Data shown:
*-*-*

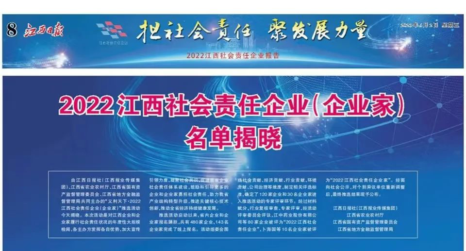 6月2日,,,,,,,由江西日报社(江西报业传媒集团)、江西省农业农村厅、江西省国有资产监视治理委员会、江西省地方金融监视治理局配合主理的“义利天下·2022江西社会责任企业(企业家)”推...
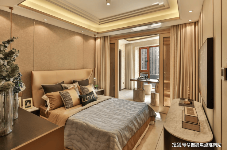 南向老人房为全功能套房设计,尤其是南向阔绰阳台,试想一下父母起床一步就能跨到阳台,莳花弄草、悠然烹茶陶冶情操。
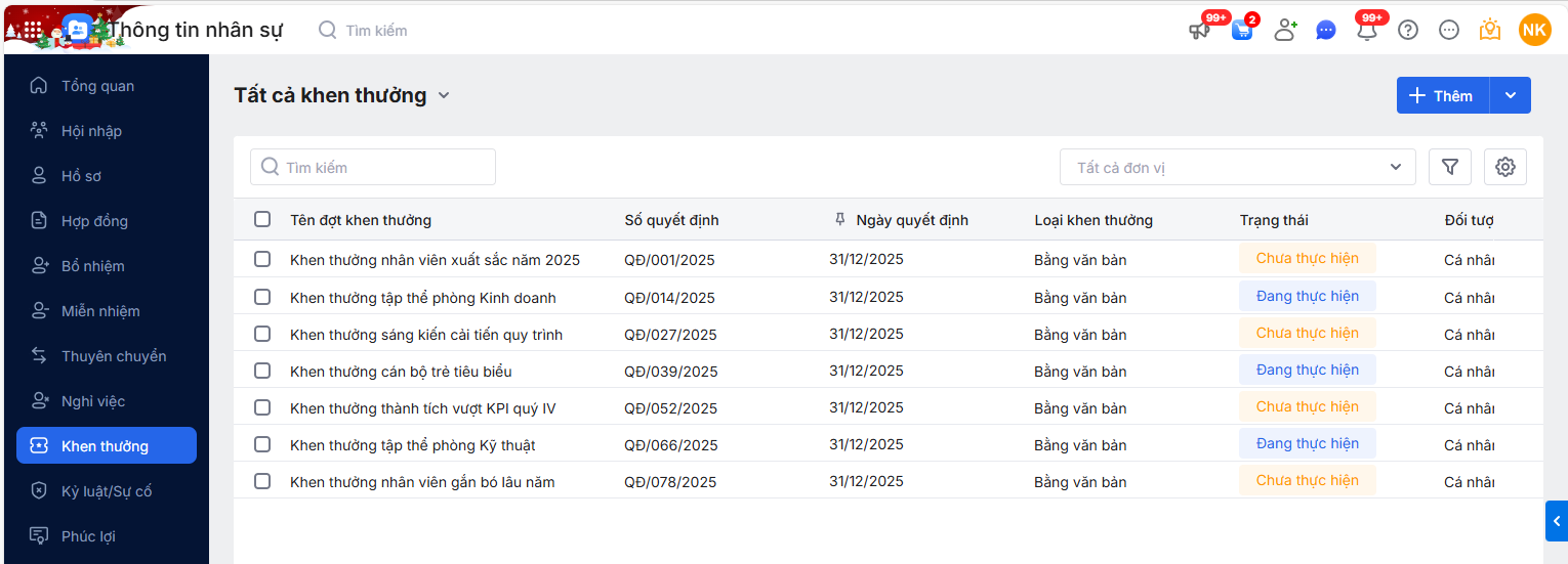Bước 1: Tại phần mềm thông tin nhân sự, truy cập phân hệ Khen thưởng
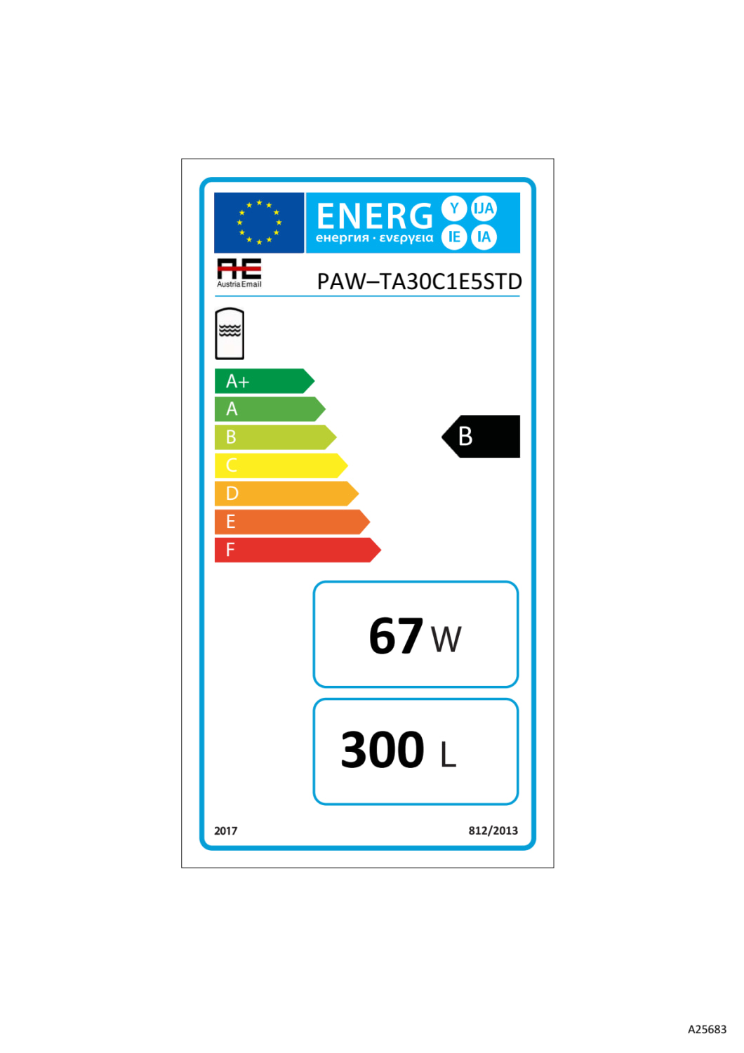 Energitab ved 65 ° C¹/24h 1,61 kWh

*-*-*

Required work:
Retype the listing exactly. Skip every picture.

Result:
 6月2日,,,,,,,由江西日报社(江西报业传媒集团)、江西省农业农村厅、江西省国有资产监视治理委员会、江西省地方金融监视治理局配合主理的“义利天下·2022江西社会责任企业(企业家)”推...
 南向老人房为全功能套房设计,尤其是南向阔绰阳台,试想一下父母起床一步就能跨到阳台,莳花弄草、悠然烹茶陶冶情操。
Bước 1: Tại phần mềm thông tin nhân sự, truy cập phân hệ Khen thưởng
 Energitab ved 65 ° C¹/24h 1,61 kWh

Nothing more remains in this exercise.